**Information shown**.
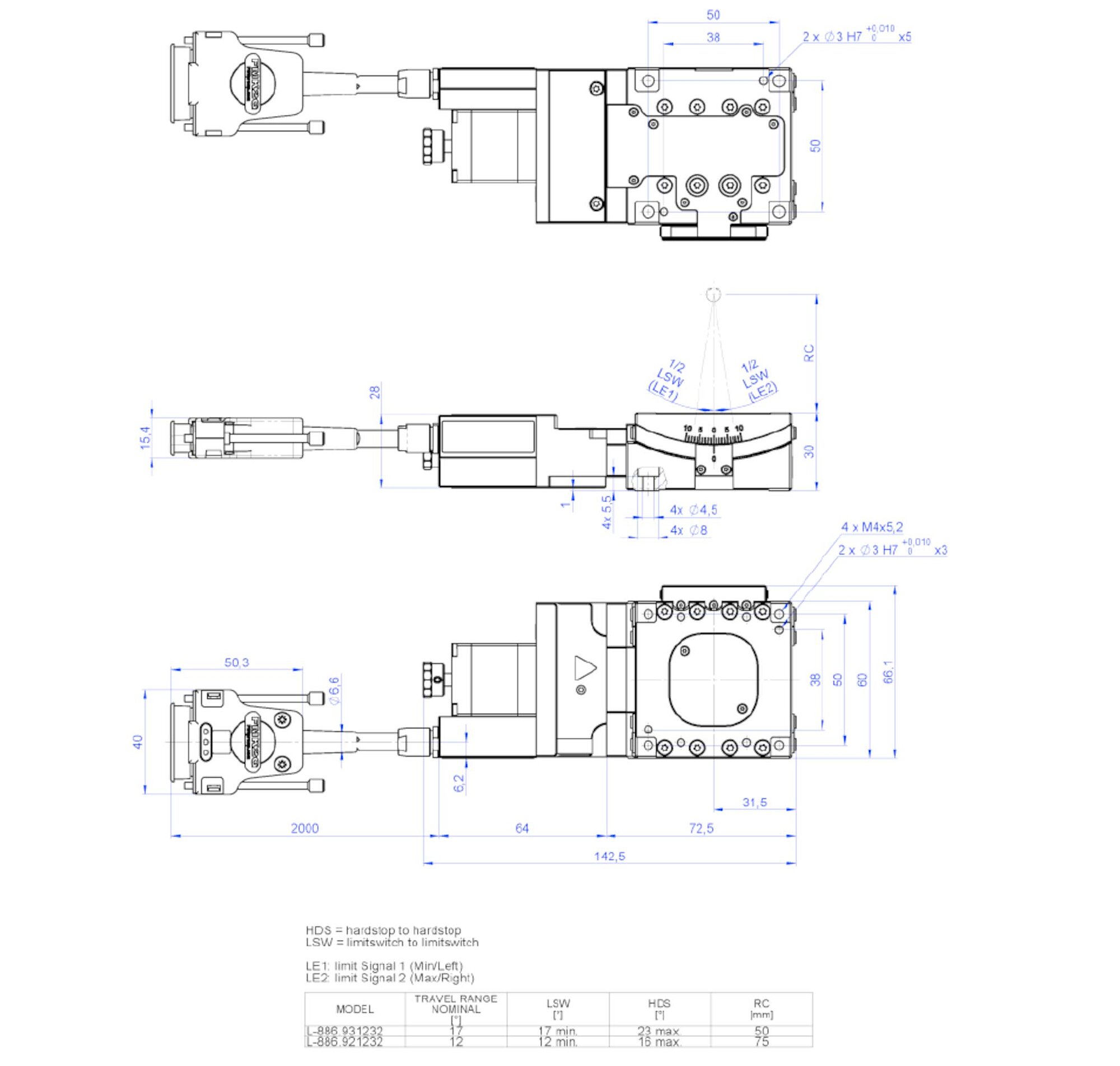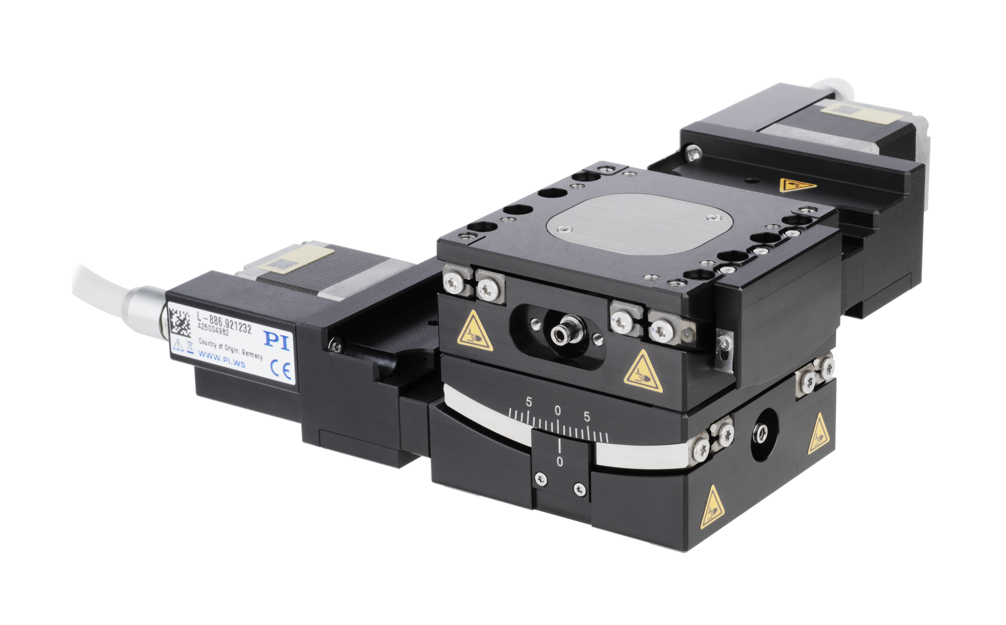 The goniometers can be mounted onto L-836 linear stages. The L-886 models are stackable for 2-axis motion. If an L-886.931232X is mounted onto an L-886.921232[X], the models will have a common center of rotation.
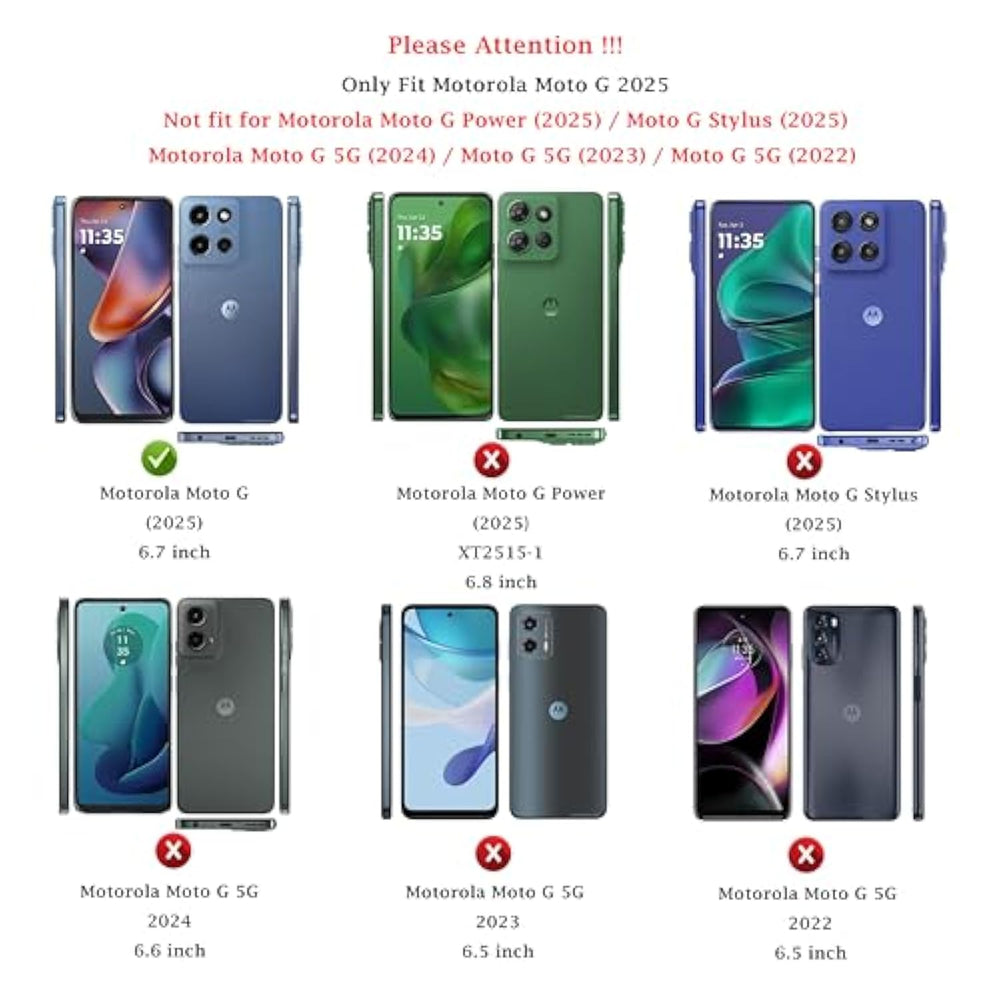 | ?? Two Piece Durable Hybrid Covers: Soft Tpu Inner Cases - Shock Absorbing; Hard Pc Back Outer Shell - Strong Impact Resistant. Double Guard Protection With Reinforced Corner, Specially Designed To Protect Your New Mobile. | | ?? Upgraded Slip Proof Texture Design On Side And Back: Sturdy Armored Phonecase With Antiskid Stripe Prevent Your Smartphone From Unexpected Drop. Also, Simple Classic Stylish | | ?? Enhanced Camera Protectoion Raised Bevel For Scratch Resistant: Each Camera Lens Is 360 Fully Surrounded And Protected. 1.2Mm (0.05 Inch) Lifted Bezel On Screen And 1.6Mm (0.06 Inch) On Camera Lens Can Prevent Daily Scratches When You Put Cellphone Face Down. | | ?? Precious Cutouts Flexible Tactile Buttons: All The Holes Fit Perfect. What'S More, Honeycomb Design Inside For Heat Dissipation And Cooling Breathable To Gurantee Your Telephone Work Normally. Functional Design Vivid Color That Bright Your Mood. Multicolors For Choices, Suitable For Women Men Girls Boys Friends Teenage Kids Youth. | | ?? Only Compatible With Motorola Moto G 2025, Locked Or Unlocked Version,2025,Released By Att, Cricket, Verizon, T-Mobile, Metro, Boost Mobile, Xfinity Mobile, Visible, Spectrum Mobile, U.S. Cellular. Packages: A Smart Phone Basic Cases (Moto G 2025 Case) + 1 Pack Pet Hd Screen Protector (Plastic). | |
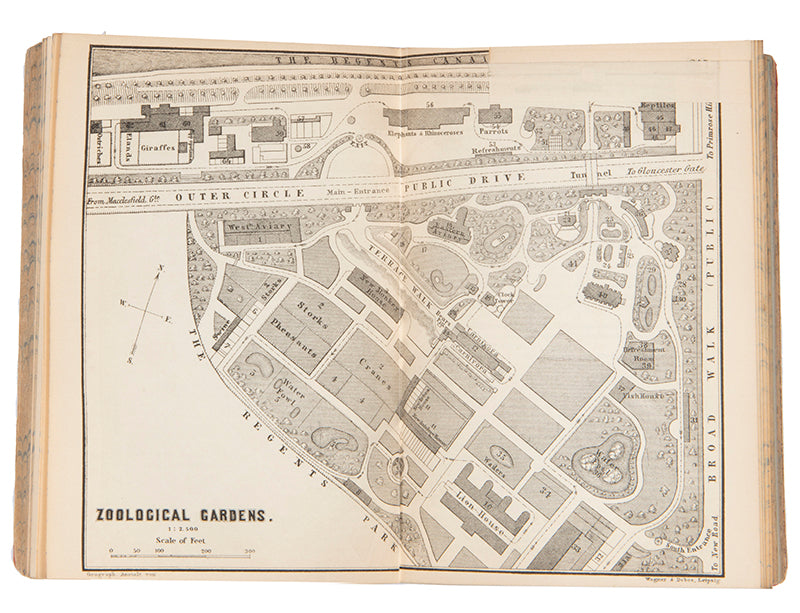 Second edition. vi, 354pp, 45pp street appendix, 4 maps and 15 plans, inner hinges slightly loose; publisher's original variant red cloth binding, slightly worn and partly split along spine, gilt lettering rubbed on spine; a good copy.
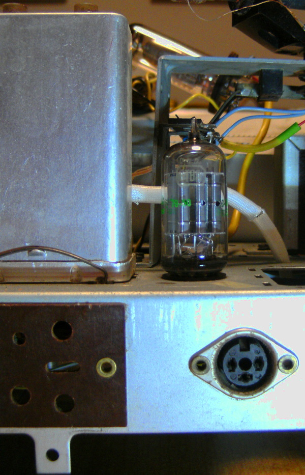 Ein paar Bilder vom Chassis des Tonmeisters. Das LS Poti musste leider ersetzt werden. Das Netzteil wurde etwas Sicherer gemacht. Netzteil Elko erneuert, jetzt mit Schellenbefestigung. Wer ganz genau hinsiehtsieht eine kleine EABC 80. Ist aber keine Hab mal die günstigere 6T8A eingesetzt. Die ist genauso gut.
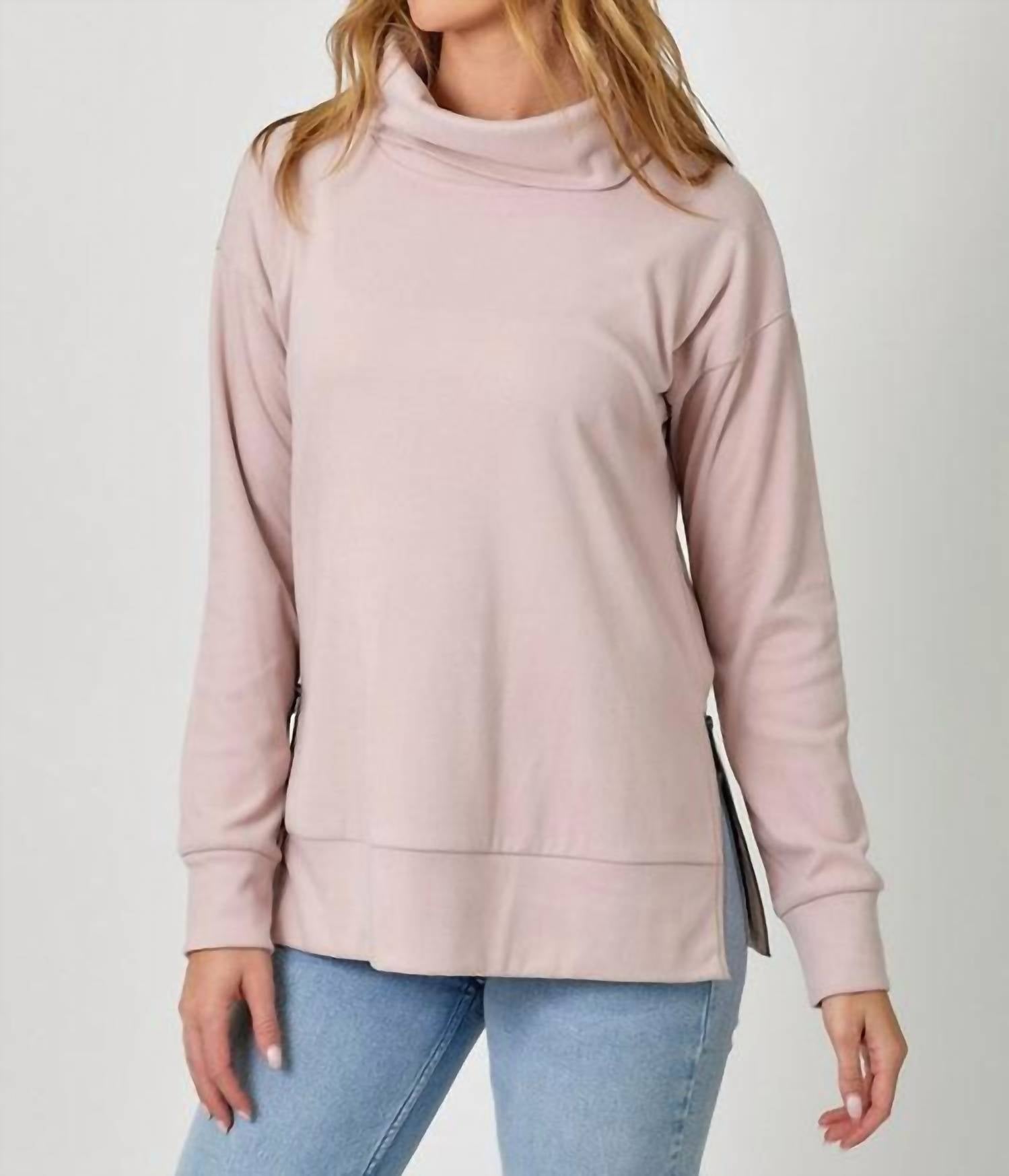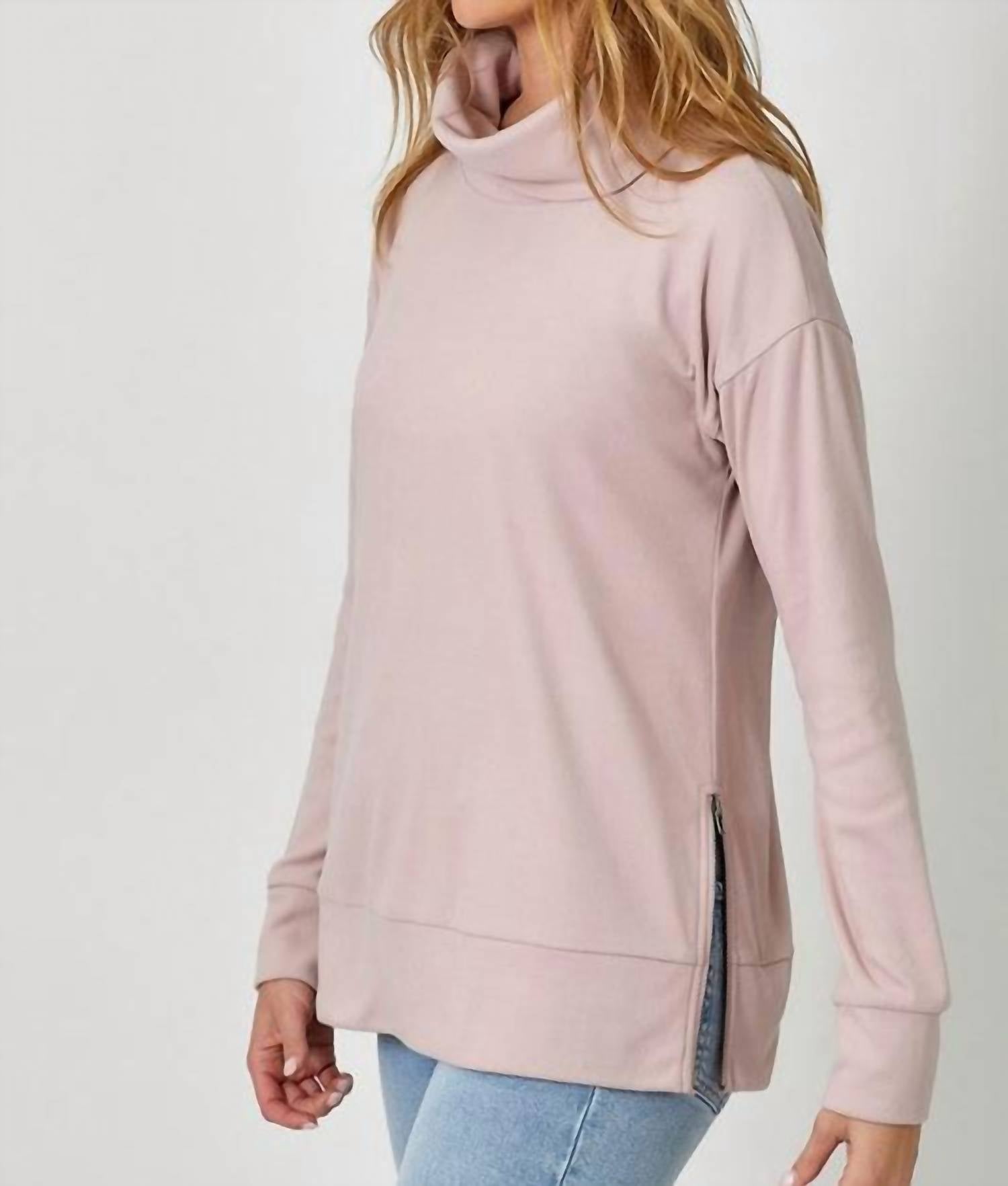 Indulge in cozy comfort with the Brushed Knit Turtleneck Sweatshirt by Mystree, crafted for women in a chic dusty rose hue. This minimalist sweatshirt features long sleeves and a solid pattern, making it perfect for both casual outings and dinner parties. With a pull-on closure, it offers ease and simplicity for the modern wardrobe.
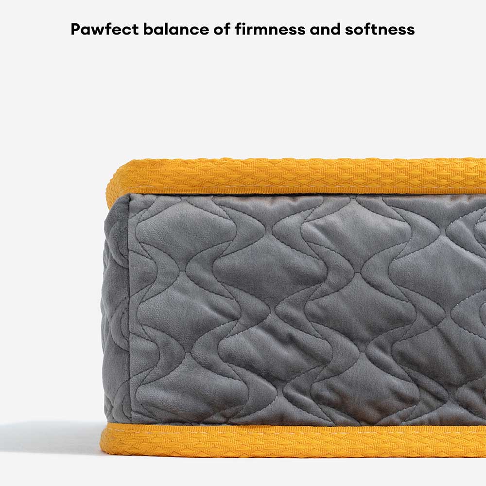 Human-grade Innerspring System for Joint and Muscle Support: A 10cm innerspring coils system, provides flexible support, increased airflow and durability along the edge of the mattress. It maintains its shape for years to come and helps prolong the dog's healthy life as time flies. During sleep time, adapting to each growing stage of the dog's lifespan strengthens the dog's joint health and spine alignment precisely by relieving pressure and pain.

**Task objective**. Drop the pictures, then reproduce exactly the lines from the one with "Second edition. vi, 354pp, 45pp" through the final line of the listing.

**Output for this exercise**.
 Second edition. vi, 354pp, 45pp street appendix, 4 maps and 15 plans, inner hinges slightly loose; publisher's original variant red cloth binding, slightly worn and partly split along spine, gilt lettering rubbed on spine; a good copy.
 Ein paar Bilder vom Chassis des Tonmeisters. Das LS Poti musste leider ersetzt werden. Das Netzteil wurde etwas Sicherer gemacht. Netzteil Elko erneuert, jetzt mit Schellenbefestigung. Wer ganz genau hinsiehtsieht eine kleine EABC 80. Ist aber keine Hab mal die günstigere 6T8A eingesetzt. Die ist genauso gut.
 Indulge in cozy comfort with the Brushed Knit Turtleneck Sweatshirt by Mystree, crafted for women in a chic dusty rose hue. This minimalist sweatshirt features long sleeves and a solid pattern, making it perfect for both casual outings and dinner parties. With a pull-on closure, it offers ease and simplicity for the modern wardrobe.
 Human-grade Innerspring System for Joint and Muscle Support: A 10cm innerspring coils system, provides flexible support, increased airflow and durability along the edge of the mattress. It maintains its shape for years to come and helps prolong the dog's healthy life as time flies. During sleep time, adapting to each growing stage of the dog's lifespan strengthens the dog's joint health and spine alignment precisely by relieving pressure and pain.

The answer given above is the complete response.